I have a bullet proof case here.
It's really hard to defend lmms are not ai. Especially since the word is defined by how it is used. But then even if you disregard that it fits all credible definitions.
It doesn't even matter that much in the big picture. Doesn't even matter.
But the anti ai crowd is (often) a mob that doesn't conced anything. Llms bad all the way. Absolute bad.

Can't debate that.
@xvf17 @emilymbender

@Noisecolor @xvf17 @emilymbender I have been *very* polite to you. And you have, throughout this conversation, been incredibly patronizing and rude in return.

So you will have to accept that when you say "I don't think you will concede anything here", I am going to assume you are actually talking about yourself and your personal rigidity, and not my attitude throughout.

@SomeVeganCheeseIsOk
No, why would I say that.
Anti ai mob is really absolutist. It's true. Everything ai is bad and anyone saying that's not absolutely true, is attacked. So ai is bad for the environment, nobody likes it, it sucks and does everything wrong, its not even actually ai, .... There isn't space for debate.
@xvf17 @emilymbender

@Noisecolor @xvf17 @emilymbender You miss my point and fail to acknowledge your own extraordinary rudeness is contributing to your problems here in this conversation. You don't seem to be reading what I'm writing, you seem to be reading some other, more antagonistic conversation that's happening in your head. You act like your angry contempt is somehow justified and useful. It's not.

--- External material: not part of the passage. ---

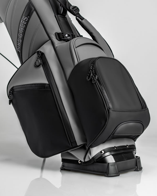 Close-up of the Player Preferred Golf Bag in Flat Ash, featuring a pocket with a golf rangefinder partially visible.

You aren't learning anything or teaching anyone anything. So why are you bothering?

@SomeVeganCheeseIsOk
I'm poking, trying to get someone to selfreflect.
I'm not angry as I don't feel like I have a horse in this race. That's probably the only time I comment when I see something illogical, something out of place.
I can understand when arguments are being made and people expressing their opinions, but when people start taking about that in black and white terms then adding emotion to it, that's when I like to poke.